История первобытного общества - Абрам Исаакович Першиц
Шрифт:
Интервал:
Закладка:
Развитие вирилокальности проходило в упорней борьбе с уксорилокальными традициями и сопровождалось появлением своеобразных компромиссных форм, многие из которых надолго сохранились в виде окостеневших пережитков. Таковы, например, рецидивы недолговременной (обычно до рождения первого ребенка) дислокальности, возвращение жены домой на время родов или поселение ее хотя и в семье мужа, но в особом изолированном помещении. Таковы же некоторые моменты широко распространенного комплекса обычаев избегания, в частности обычай, по которому жена должна избегать старших родственников мужа, не появляться с мужем в общественных местах и т. п.
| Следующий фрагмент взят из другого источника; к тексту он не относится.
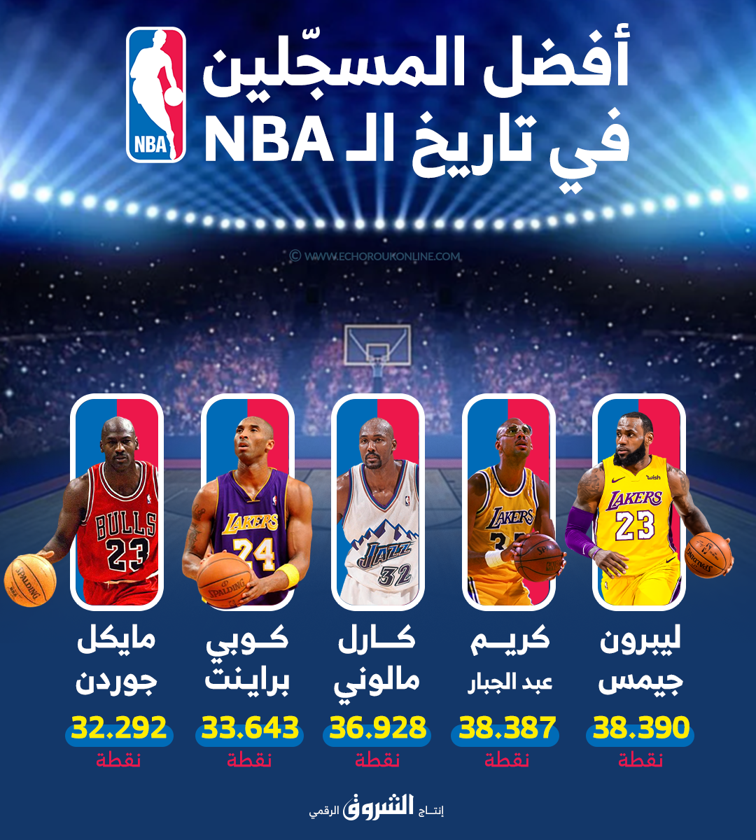 أصبح ليبرون جيمس أفضل هدّاف في تاريخ دوري كرة السلة الأمريكي للمحترفين، بعدما حطم رقم كريم عبدالجبار الذي تم تحقيقه قبل 39 عاماً… تعرف على أفضل المسجلين في تاريخ الـ NBA.

Таковы, возможно, также некоторые пласты в антагонистических элементах свадебной обрядности, в частности в той же инсценировке захвата или похищения невесты. С.П. Крашенинников, наблюдавший обычаи ительменов на стадии перехода к вирилокальному поселению, описывает их таким образом: «Когда камчадал, высмотрев себе невесту (обязательно в чужом, а не в своем острожке), пожелает на ней жениться, он переселяется в острожек, откуда родом невеста. Явившись к родителям невесты, он сообщает им о своем намерении и после этого работает, показывая свое удальство и проворство, услуживая всем пуще холопа и больше всего будущему тестю, теще и невесте, после чего просит разрешения хватать невесту… Кто схватит невесту, тот безвозбранно приходит к ней в следующую ночь и на другой день безо всяких церемоний увозит ее в свой острожек»[87].
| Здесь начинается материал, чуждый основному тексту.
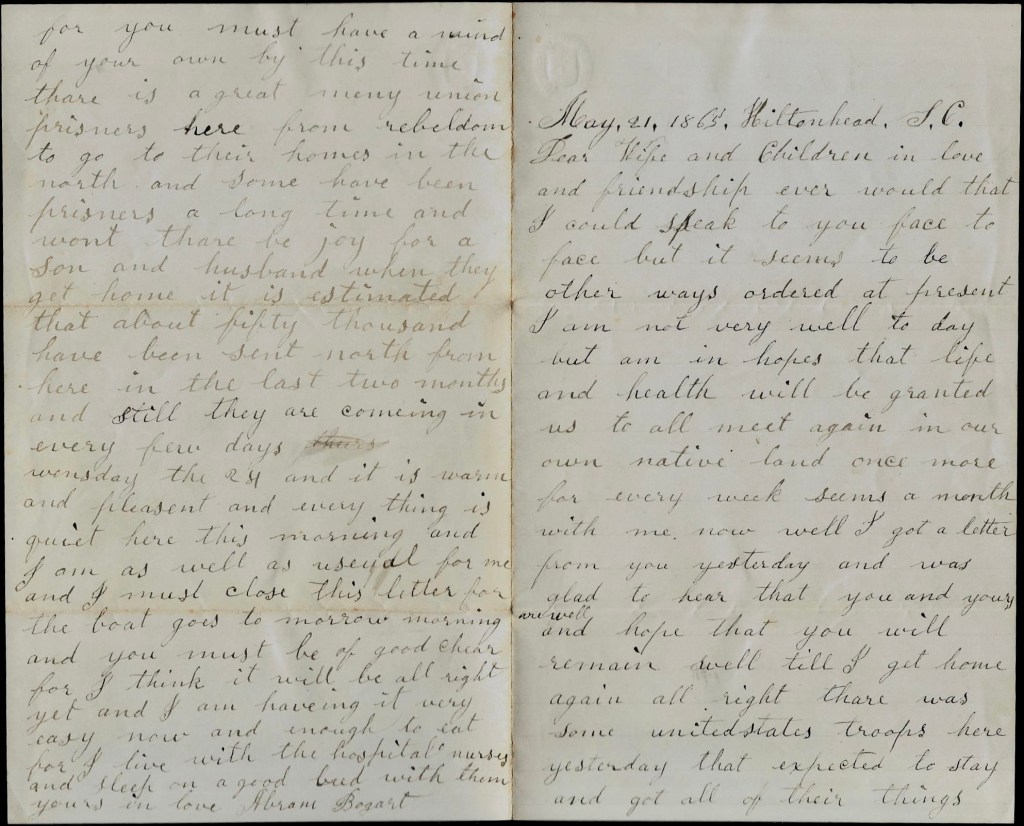 Wednesday the 24, and it is warm and pleasant and everything is quiet here this morning and I am as well as usual for me and I must close this letter for the boat goes tomorrow morning and you must be of good cheer for I think it will be all right yet and I am having it very easy now and enough to eat for I live with the hospital nurses and sleep on a good bed with them. Yours in love, — Abram Bogart

Особый комплекс обычаев этой переходной эпохи связан с тем, что при смене уксорилокальности вирилокальностью, как правило, некоторое время еще сохранялся материнский счет родства. В то время как женщина поселялась в семье и роде мужа, ее дети не принадлежали к этому роду и по достижении известного возраста возвращались в семью и род матери. Здесь их ближайшим реальным родственником становился брат матери, дети которого в силу тех же порядков уходили к своему материнскому дяде. Племянник жил в доме дяди, работал в его хозяйстве, следовал его наставлениям. Семья или по крайней мере, ее дееспособная часть состояла не столько из родителей и их детей, сколько из дядьев и их племянников (авункулатная семья), а затем из одних братьев (выделенная недавно Ю.В. Бромлеем братская семья). Весь этот порядок, равно как и его надолго сохраняющиеся пережитки (преимущественно представления об особой близости между племянником и его дядей по матери), получил название авункулата[88]. Видоизмененным реликтом аванкулата некоторые советские этнографы считают известный у народов Кавказа, кельтов, германцев, славян обычай аталычества[89], предписывавший воспитывать детей не в своей, а в чужой семье. Впрочем, хотя авункулат получает широкое развитие в эпоху перехода от материнско-родового строя к отцовскому, в нем не следует видеть порядок, свойственный исключительно этой эпохе. В той или иной мере он известен и материнско-родовым обществам, где братья матери как доминирующая в коллективе категория мужчин были естественными защитниками и покровителями племянников.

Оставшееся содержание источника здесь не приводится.